The Birthday Party

A hostess invites b boys and g girls to a party. What is the probability that at least one of the boys will have the same birthday as at least one of the girls?

There is a simple approximate solution that is valid if the number of boys and girls is small with respect to the number of available birthdays.

If we compare each of the boys with all of the girls there will be a total of  b·g  comparisons. The probability of no match for any particular comparison is 364/365. If the comparisons are independent of each other the probability that none of the boys will match any of the girls is

q = (364/365)^bg

and the probability sought is 1 - q.

The comparisons are independent only if there is no duplication of birthdays amongst the boys or the girls. If b and g both are small with respect to 365 the probability of no duplication is high and the probability of any configuration involving duplicate birthdays is low, and there is but a small error in considering the comparisons to be independent. If one specifies that the numbers of boys and girls are the same and inquires how many will be needed for a 50% probability that at least one of the boys will have the same birthday as at least one of the girls, solving the above expression gives b = g = 16, which is the same answer given by the exact solution below.

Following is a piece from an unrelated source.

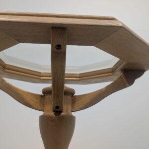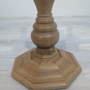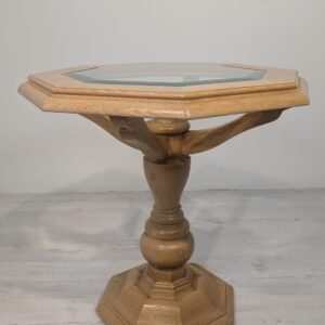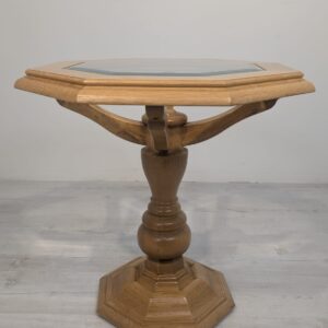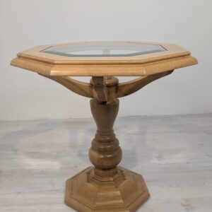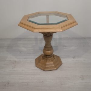 Stylowy, ośmiokątny stolik kawowy wykonany z drewna dębowego w jasnym odcieniu. Blat posiada fazowane szkło, co nadaje mu elegancki wygląd. Solidna konstrukcja i przemyślany design sprawiają, że ten stolik będzie doskonałym uzupełnieniem każdego salonu.

For an exact solution we must allow for the possibility of duplicate birthdays within a group. We can use a result on the Birthday Paradox page to state the probability that b boys will have exactly k distinct birthdays as

D(b,k) = T(b,k) COMB(d,k)/d^b

We are using d to represent the number of available birthdays and COMB(m.n) is the combinatorial function. Usually we will use d = 365. Given that there are k distinct birthdays amongst the boys, the probability that none of the girls has any of these birthdays is

((d - k)/d)^g

There may be anywhere from one to b distinct birthdays among the boys (with an upper limit of d), so that q, the probability of no matching birthdays between the boys and the girls is the sum of the products of the above two expressions from k = 1 to b or from k = 1 to 365, whichever is less, and the probability of at least one match is 1 - q.

The exact solution is computationally more difficult than the approximate solution. For one thing it is difficult to generate values of T(m,n) to order outside of a special computing environment such as a computer algebra system. Consequently one may be reduced to the use of tables of T(m,n) or to an approximation.

This appears to be a new problem and contributions by Robert Israel and Glenn C. Rhodes are gratefully acknowledged.